0rion79
Member
- Joined
- 22/12/2016
- Messages
- 441
Hi, I have just finished my latest game with a MELEE MAGE BUILT and I want to share my 2-cents opinion about this.
I played at the easiest level and yet playing with the mage has been so frustrating that in some moments I was so furious that I almost wanted to smash my smartphone.
The worst part has been (and still is) the Ark, followed by the ending part of the square labyrinth with shadow creatures, part of Hirge's personal quest. Never happened with any other class.
So far, these have been the causes that made it that hard:
1) limits of the game engine that make very hard to properly aim to foes and to control the adventurers party
2) the peculiarities of the mage, that is very unsuitable for solo playing. (not impossible, yet it is much harder than other classes)
More into detail, I have found problematic the melee mage's ...:
- need of several abilities to properly attack and defend
- high skill points cost to develop these abilities
- high mana cost of the most recent abilities that, even effective, make the mage highly dependent by potions to constantly refuel
- mage's armor spell counts radiation damage as an attack, fading earlier than expected.
Especially within the Ark, I had a very hard life vs. the frog-like robots that deal an impressive melee damage that not even the stone golem may endure long enough (plus it is so dumb that it always get involved into fire explosions), while the "steel wizards" that shot beams are relatively easy to handle due to the high electricity resistance that the mage may achieve thanks to unique equipment.
The new special abilities offered at Icemist are really nice to use, especially at high level when the game offers weapons with high elemental damage, but the extra damage doesn't compensate the mage's fragility. Also, elemental weapons are useless vs. certian foes and the "death" weapons are useless vs. undead and shadow creatures, so it's impossible to rely 100% on these attack forms. Some choices, as having a strong creature to summon, are almost "staple" choices to compensate but they quickly drain out of mana.
Maybe I have built it in a poor way, yet - in theory - a player shouldn't be forced to follow "staple choices" to survive : David himself added several items roughly at the same level right because he wanted players to enjoy variety without being forced into standard solutions.
I can't image what it means to play at harder levels if the easiest has been that hard!
I played at the easiest level and yet playing with the mage has been so frustrating that in some moments I was so furious that I almost wanted to smash my smartphone.
The worst part has been (and still is) the Ark, followed by the ending part of the square labyrinth with shadow creatures, part of Hirge's personal quest. Never happened with any other class.
So far, these have been the causes that made it that hard:
1) limits of the game engine that make very hard to properly aim to foes and to control the adventurers party
2) the peculiarities of the mage, that is very unsuitable for solo playing. (not impossible, yet it is much harder than other classes)

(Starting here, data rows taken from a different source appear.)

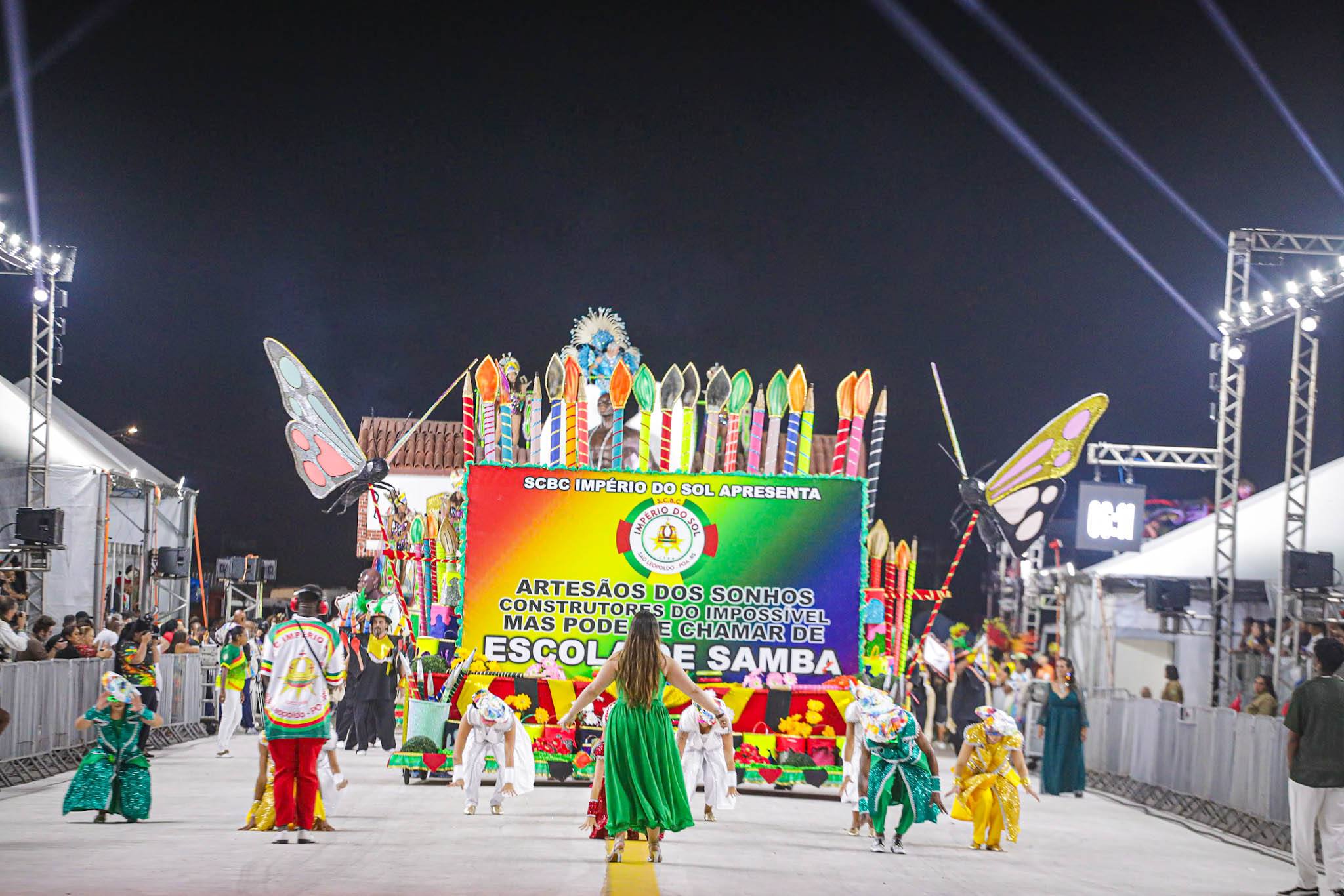 Porto Alegre, RS, Brasil, 27/02/2026: Nesta sexta-feira, 27, o Carnaval de Porto Alegre recebeu a S.C.B.C. Império do Sol. A escola de samba levou para o Complexo Cultural do Porto Seco o enredo Artesãos dos Sonhos, Construtores do Impossível, mas pode me chamar de Escola de Samba. A Império prestou uma homenagem aos operários do Carnaval, os verdadeiros magos que transformam materiais simples em luxo e poesia, celebrando o suor e a criatividade de quem dá vida aos desfiles. Foto: Alex Rocha/PMPA
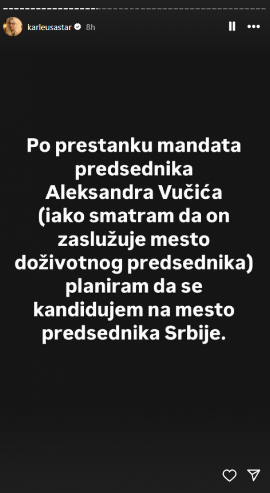 Poznata pevačica Jelena Karleuša nedavno je iznenadila javnost kada je otkrila da planira da se kandiduje za predsednika Srbije nakon isteka mandata sadašnjeg predsednika. Ova vest izazvala je veliku pažnju javnosti, a Jelena je jasno naglasila da ima ambiciju da preuzme ovu važnu poziciju.
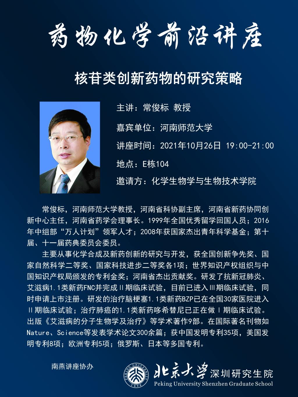 2021年10月26日(周二),翟宏斌老师邀请了河南师范大学的常俊标教授到访公司并进行药物化学前沿讲座。欢迎大家参加!
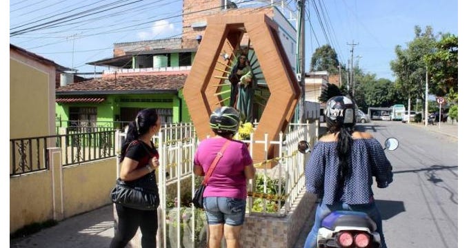En Colombia no es extraño encontrar iconografía católica invadiendo y afeando el espacio público, algo con lo que esa superstición cosecha las ventajas de la teocracia que imperó hasta bien entrado el siglo 20.
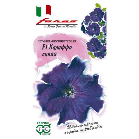 Многоцветковые петунии F1 Калиффо — итальянские красавицы для создания уютного уголка солнечного средиземноморья в саду и на балконе. Аккуратные «точеные» кустики густо покрывают нарядные цветки диаметром 5 см. Глубину оттенка подчеркивает бархатистая текстура цветков, а яркий белый ободок по краю придает контрастности. Посев проводят поверхностно, не заделывая, с февраля по март. При зимнем посеве всходам необходима подсветка. Всходы появляются через 7-12 дней. На постоянное место высаживают, когда минует опасность заморозков. Цветет с конца мая весь сезон. Светолюбива и достаточно засухоустойчива. Предпочитает легкие, плодородные, хорошо дренированные почвы. Украсит контейнеры, вазоны, балконы, подоконники, рабатки, бордюры.
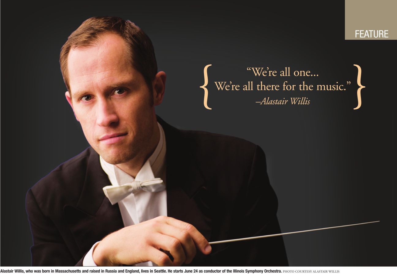 “The power of music can unite a community,” says Alastair Willis, brand new music director of the Illinois Symphony Orchestra. “That’s what we all need to be striving towards. It’s really about ‘how can we do this together?’” Willis’s appointment is the culmination of an arduous search which began in July 2010 with the announced departure of longtime ISO conductor Karen Lynne Deal. As a result, attendees of the orchestra’s 2011/2012 season were treated to an eclectic and sometimes dizzying mix of musical approaches as the five finalists (which included Donato Cabrera, Rei Hotoda, Kenneth Raskin and Andrew Sewell in addition to Willis) each took the opportunity to strut their symphonic stuff. Despite the fact that all the potential musical directors were eminently qualified, the decision to choose Willis for the position was not a difficult one.
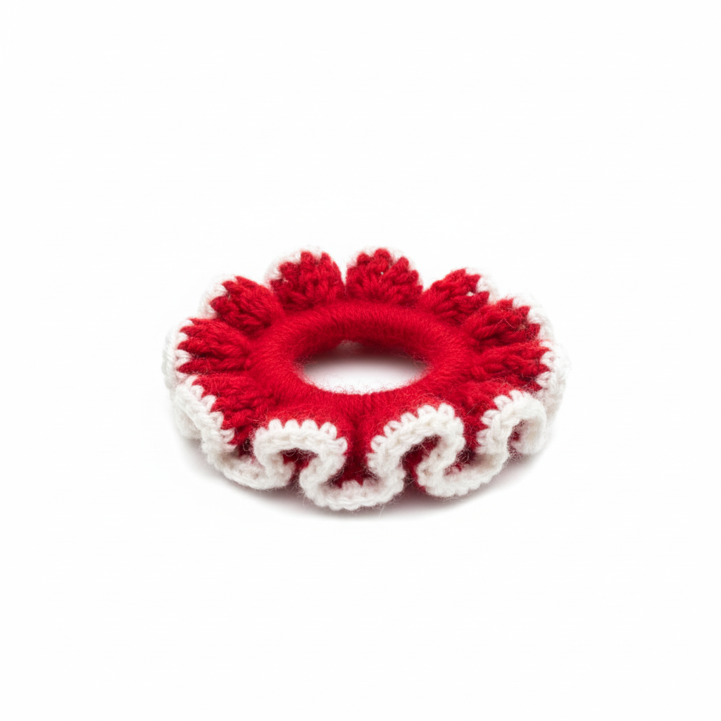 Add a playful pop of color with these hand-crocheted yarn scrunchies featuring cute ruffled petal edges and a comfortable inner elastic. The soft yarn minimizes tangles and creasing while offering a secure hold for ponytails, buns, and braids. Lightweight and durable, they suit everyday wear, workouts, or styling kids’ hair. Each piece is handmade, so minor variations make every scrunchie unique. Care: spot clean or gentle hand wash; lay flat to dry.
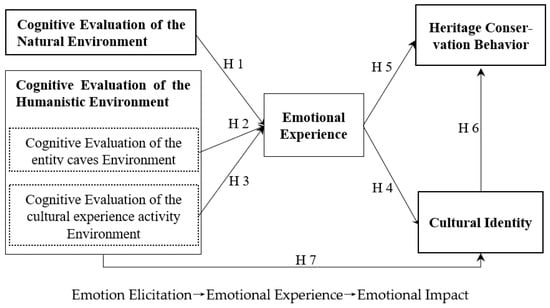 Emotional evaluation theory suggests that the process of cognitive evaluation of environmental stimulus is a determinant of the generation of emotions. Tourists’ emotional experiences arise from the process of cognitive evaluation of stimuli in the tourism environment, such as the natural and humanistic environment. In a study of souvenir design based on emotional memory, Zhu et al. [] found that humanistic factors of the destination, such as tourist souvenirs, aroused tourists’ positive emotional experience. Both natural and humanistic environmental factors can stimulate tourists’ positive emotions, and heritage revitalization experience with rich cultural factors such as traditional folklore, song and dance, and other dynamic experiential interactions can induce a greater stimulating effect than the natural environment []. From a tourist perception perspective, Yao et al. [] found that children have a greater preference for experiential activities that require hands-on experience, and this participation can enrich the tourism experience for children and parents. Hou [] found that cultural experience activity in digitalized museums received a high degree of attention from tourists for their novel visual experience and spiritual enjoyment, which improved the quality of their tourism experience. The Dunhuang Mogao Grottoes were used as a case study site and the humanistic environment of the Dunhuang Mogao Grottoes included entity caves and cultural experience activities []. Accordingly, this study proposes the following research hypotheses:
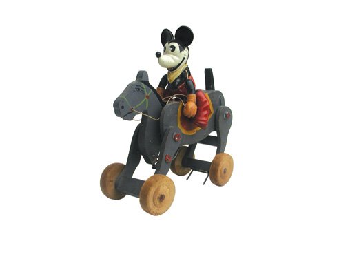 SoldJAPAN WINDUP MICKEY MOUSE COWBOY ON HORSEJapan windup Mickey Mouse Cowboy on Horse. Celluloid Mickey Mouse Cowboy on wooden Horse. All original. Windup works, but horses legs need some adjustment. Hard to find early Disney toy. 7" Very Good-See Sold Price
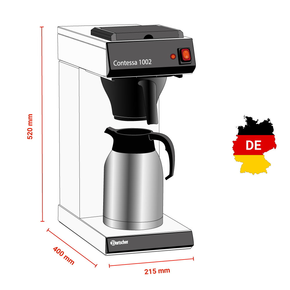 Μηχανή καφέ φίλτρου μονή, Bartscher Γερμανίας Για την παραδοσιακή απόλαυση του καφέ – Η ισοθερμική κανάτα της Contessa 1002 διαθέτει χώρο για έως 2 λίτρα φρέσκου καφέ. (Αντικατέστησε τον κωδικό 190155)
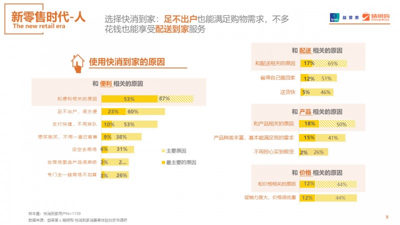大众为什么要选择快消到家服务呢?不仅仅是由于服务非常便利(87%),足不出户也能满足购物需求,不多花钱也能享受配送到家服务。
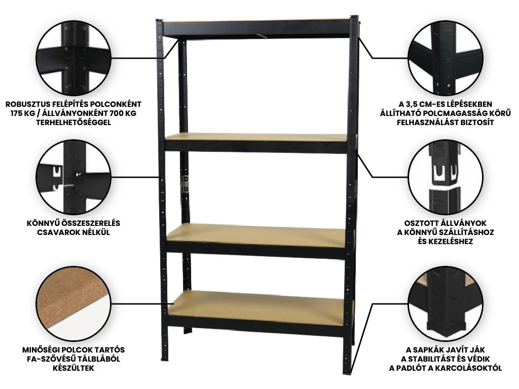 Kiváló minőségű és stabil Salgó polc négy állítható polccal költséghatékony megoldást jelent a tárgyai tárolására. Maximális terhelhetőség / polclaponként 175 kg, azaz 700 kg / állványonként. A FISTAR márkás Salgó polcok hengerelt acélból készülnek, kiváló minőség jellemzi őket és 7 éves garancia. Az állványokat háztartásokban, irodákban, műhelyekben és garázsokban, valamint raktárakban vagy ipari helyiségekben lehet használni.
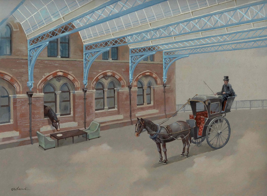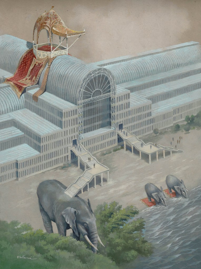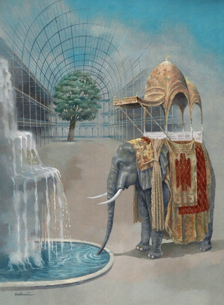 The elephant was purchased and blown from the Grand International Exhibition, London 1851. There it was part of the West Indies booth – it was a buttonhole. The old lithographs executed after the illustration of John McNevin are splendid. McNevin was an American illustrator. My elephant appears in the first painting of the London series inside the Crystal Palace. In that painting, I used the story to show the constructive details of the interior. The new variant represents the second building of the Crystal Palace, that of the Sydenham Hill, which was more imposing than the first. The elephant returned with two children. At the highest point of the palace, elephants parked an incredibly rich Indian-style booth. I used the stage to clearly render the structure of the building seen from the outside, thousands of glass pieces arranged on uniform metal frames.
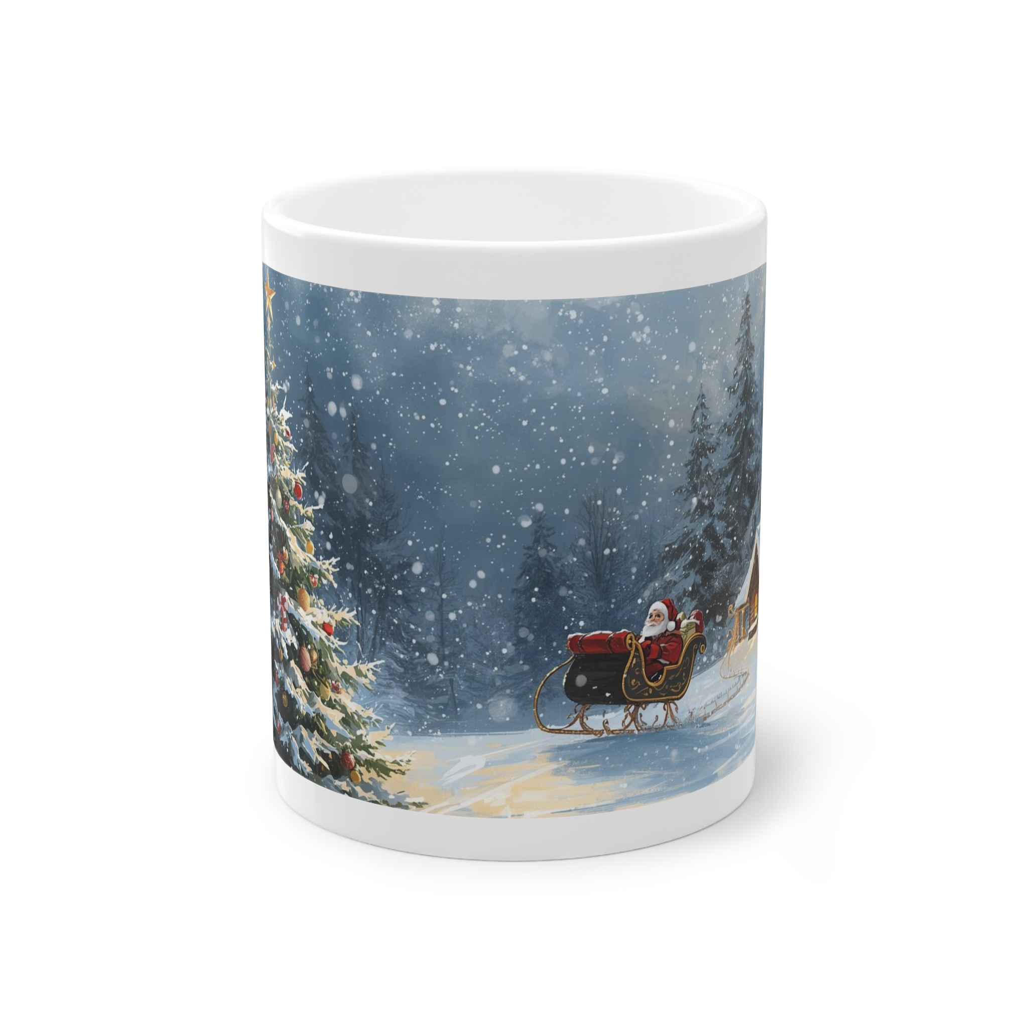 ❄️ Keramiktasse mit verschneitem Weihnachtsbaum und Weihnachtsmannschlitten – Wärme für ruhige Wintermorgen
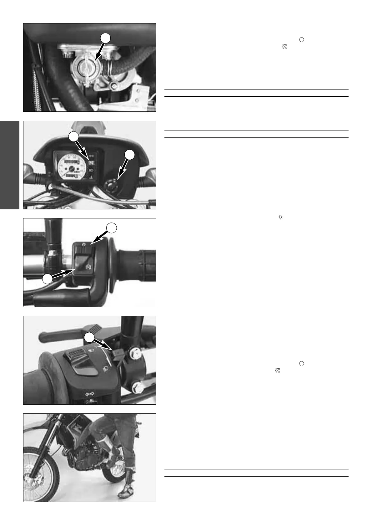 WHEN STARTING THE ENGINE, PUT ON MOTORCYCLE BOOTS IN ORDER TO AVOID
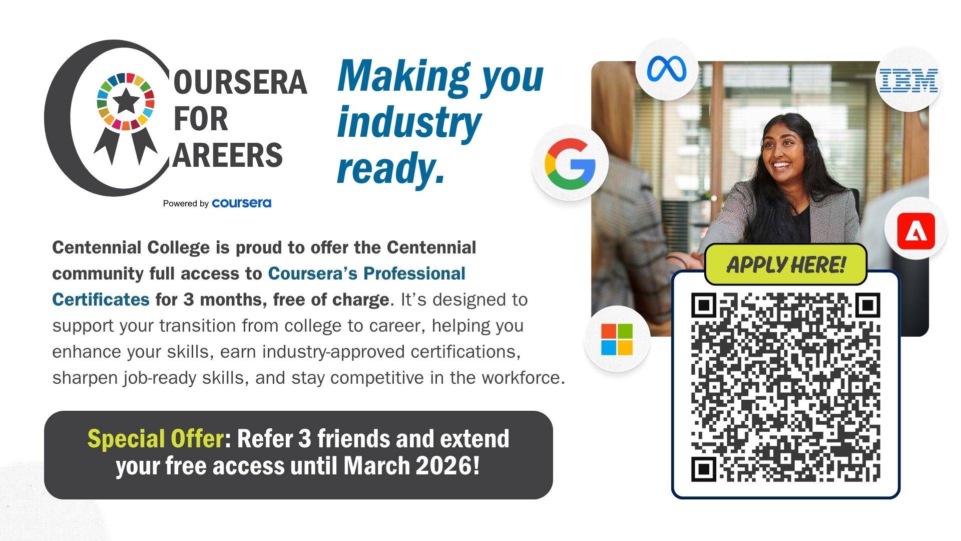 Through Coursera for Careers, Centennial College students, faculty, staff, alumni and COIE participants can receive a free Coursera license (normally a $60-80/month subscription!) for 3 months to develop in-demand skills and earn Professional Certificates from industry leaders such as Google, IBM, Meta, and Microsoft.
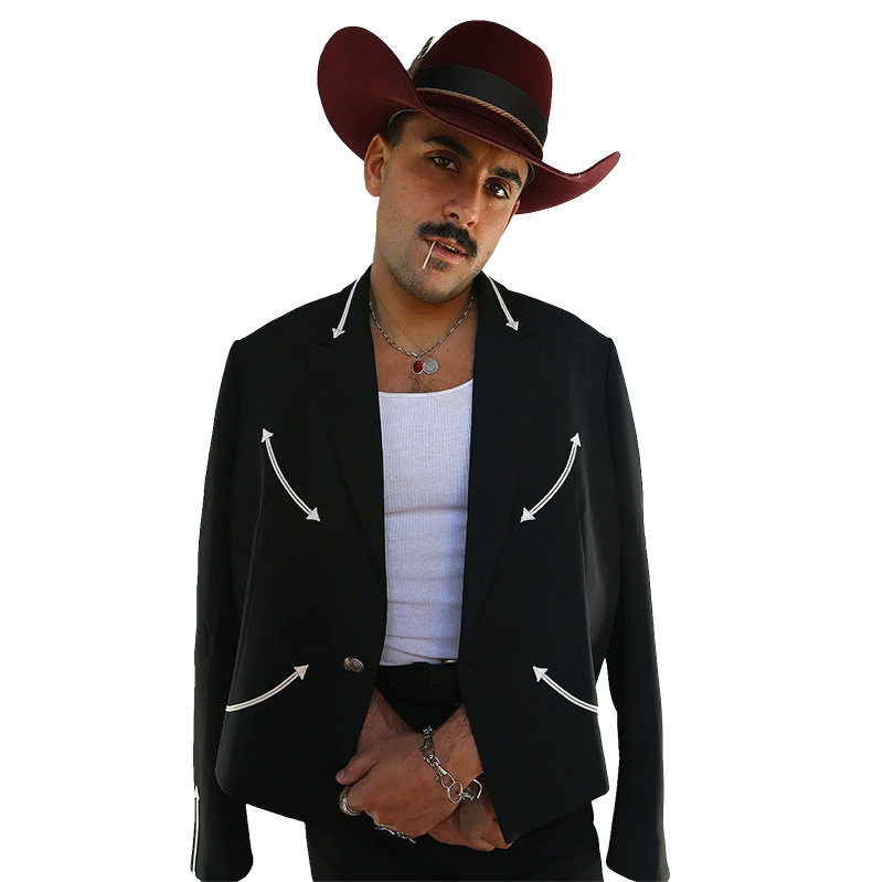 Cut in a sleek silhouette, the jacket channels tuxedo structure through a ranchwear lens. Four signature “smile” pockets curve across the front while bold arrow accents on the sleeves and collar bring clean western character. The result works effortlessly for formal settings, semi-formal occasions, or elevated casual looks where precision still counts.
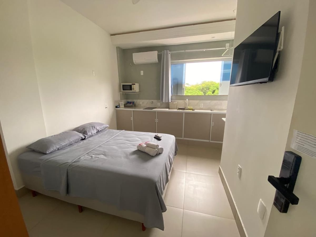 Acogedor Stúdio, nuevo, espacioso, te espera. - Suite - Aire acondicionado - Televisor - Cocina con microondas, minibar, cafetería con cápsulas, sandwichera, platos, cubiertos, tazas y vasos. - Ropa de cama y baño, jabón líquido, champú y acondicionador. - 01 plaza de aparcamiento - Cerca de dos hipermercados, UEMG, farmacias, foro, estación de autobuses, gasolineras, restaurantes, bares, cerca del centro. Excelente ubicación. puertas: la puerta electrónica proporcionará más seguridad y comodidades.

More into detail, I have found problematic the melee mage's ...:
- need of several abilities to properly attack and defend
- high skill points cost to develop these abilities
- high mana cost of the most recent abilities that, even effective, make the mage highly dependent by potions to constantly refuel
- mage's armor spell counts radiation damage as an attack, fading earlier than expected.
Especially within the Ark, I had a very hard life vs. the frog-like robots that deal an impressive melee damage that not even the stone golem may endure long enough (plus it is so dumb that it always get involved into fire explosions), while the "steel wizards" that shot beams are relatively easy to handle due to the high electricity resistance that the mage may achieve thanks to unique equipment.
The new special abilities offered at Icemist are really nice to use, especially at high level when the game offers weapons with high elemental damage, but the extra damage doesn't compensate the mage's fragility. Also, elemental weapons are useless vs. certian foes and the "death" weapons are useless vs. undead and shadow creatures, so it's impossible to rely 100% on these attack forms. Some choices, as having a strong creature to summon, are almost "staple" choices to compensate but they quickly drain out of mana.
Maybe I have built it in a poor way, yet - in theory - a player shouldn't be forced to follow "staple choices" to survive : David himself added several items roughly at the same level right because he wanted players to enjoy variety without being forced into standard solutions.
I can't image what it means to play at harder levels if the easiest has been that hard!